═════ Records for this exercise ═════
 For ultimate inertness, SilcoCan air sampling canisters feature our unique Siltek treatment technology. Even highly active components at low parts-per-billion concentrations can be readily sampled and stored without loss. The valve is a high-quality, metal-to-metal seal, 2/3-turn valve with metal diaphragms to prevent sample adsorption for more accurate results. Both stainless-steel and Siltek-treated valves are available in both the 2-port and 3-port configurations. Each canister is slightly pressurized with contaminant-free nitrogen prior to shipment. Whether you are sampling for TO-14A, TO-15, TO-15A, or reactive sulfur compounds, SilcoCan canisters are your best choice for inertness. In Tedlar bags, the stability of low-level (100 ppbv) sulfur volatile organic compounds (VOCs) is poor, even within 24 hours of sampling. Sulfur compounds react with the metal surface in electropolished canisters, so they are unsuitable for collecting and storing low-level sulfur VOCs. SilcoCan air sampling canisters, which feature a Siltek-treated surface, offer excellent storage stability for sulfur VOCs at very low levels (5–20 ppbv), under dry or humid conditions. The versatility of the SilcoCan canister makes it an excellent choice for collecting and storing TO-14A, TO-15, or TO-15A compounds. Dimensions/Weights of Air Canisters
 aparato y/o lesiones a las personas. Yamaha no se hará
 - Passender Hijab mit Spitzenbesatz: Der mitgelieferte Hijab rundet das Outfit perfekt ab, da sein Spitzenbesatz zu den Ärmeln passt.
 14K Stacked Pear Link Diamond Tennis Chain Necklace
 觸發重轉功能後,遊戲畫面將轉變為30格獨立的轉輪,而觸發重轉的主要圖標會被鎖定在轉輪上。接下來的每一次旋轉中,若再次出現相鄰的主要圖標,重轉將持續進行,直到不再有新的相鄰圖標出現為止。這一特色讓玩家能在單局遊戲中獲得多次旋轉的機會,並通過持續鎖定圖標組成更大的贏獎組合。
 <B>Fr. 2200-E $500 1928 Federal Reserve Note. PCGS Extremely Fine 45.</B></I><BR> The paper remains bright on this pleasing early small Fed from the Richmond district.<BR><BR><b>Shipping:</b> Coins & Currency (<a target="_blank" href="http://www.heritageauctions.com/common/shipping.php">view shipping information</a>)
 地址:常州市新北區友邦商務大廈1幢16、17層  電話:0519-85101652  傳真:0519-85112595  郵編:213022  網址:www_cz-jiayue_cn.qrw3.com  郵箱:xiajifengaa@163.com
═════
## Task to carry out
Each of the lines above must appear again, unchanged.

## Written answer
 For ultimate inertness, SilcoCan air sampling canisters feature our unique Siltek treatment technology. Even highly active components at low parts-per-billion concentrations can be readily sampled and stored without loss. The valve is a high-quality, metal-to-metal seal, 2/3-turn valve with metal diaphragms to prevent sample adsorption for more accurate results. Both stainless-steel and Siltek-treated valves are available in both the 2-port and 3-port configurations. Each canister is slightly pressurized with contaminant-free nitrogen prior to shipment. Whether you are sampling for TO-14A, TO-15, TO-15A, or reactive sulfur compounds, SilcoCan canisters are your best choice for inertness. In Tedlar bags, the stability of low-level (100 ppbv) sulfur volatile organic compounds (VOCs) is poor, even within 24 hours of sampling. Sulfur compounds react with the metal surface in electropolished canisters, so they are unsuitable for collecting and storing low-level sulfur VOCs. SilcoCan air sampling canisters, which feature a Siltek-treated surface, offer excellent storage stability for sulfur VOCs at very low levels (5–20 ppbv), under dry or humid conditions. The versatility of the SilcoCan canister makes it an excellent choice for collecting and storing TO-14A, TO-15, or TO-15A compounds. Dimensions/Weights of Air Canisters
 aparato y/o lesiones a las personas. Yamaha no se hará
 - Passender Hijab mit Spitzenbesatz: Der mitgelieferte Hijab rundet das Outfit perfekt ab, da sein Spitzenbesatz zu den Ärmeln passt.
 14K Stacked Pear Link Diamond Tennis Chain Necklace
 觸發重轉功能後,遊戲畫面將轉變為30格獨立的轉輪,而觸發重轉的主要圖標會被鎖定在轉輪上。接下來的每一次旋轉中,若再次出現相鄰的主要圖標,重轉將持續進行,直到不再有新的相鄰圖標出現為止。這一特色讓玩家能在單局遊戲中獲得多次旋轉的機會,並通過持續鎖定圖標組成更大的贏獎組合。
 <B>Fr. 2200-E $500 1928 Federal Reserve Note. PCGS Extremely Fine 45.</B></I><BR> The paper remains bright on this pleasing early small Fed from the Richmond district.<BR><BR><b>Shipping:</b> Coins & Currency (<a target="_blank" href="http://www.heritageauctions.com/common/shipping.php">view shipping information</a>)
 地址:常州市新北區友邦商務大廈1幢16、17層  電話:0519-85101652  傳真:0519-85112595  郵編:213022  網址:www_cz-jiayue_cn.qrw3.com  郵箱:xiajifengaa@163.com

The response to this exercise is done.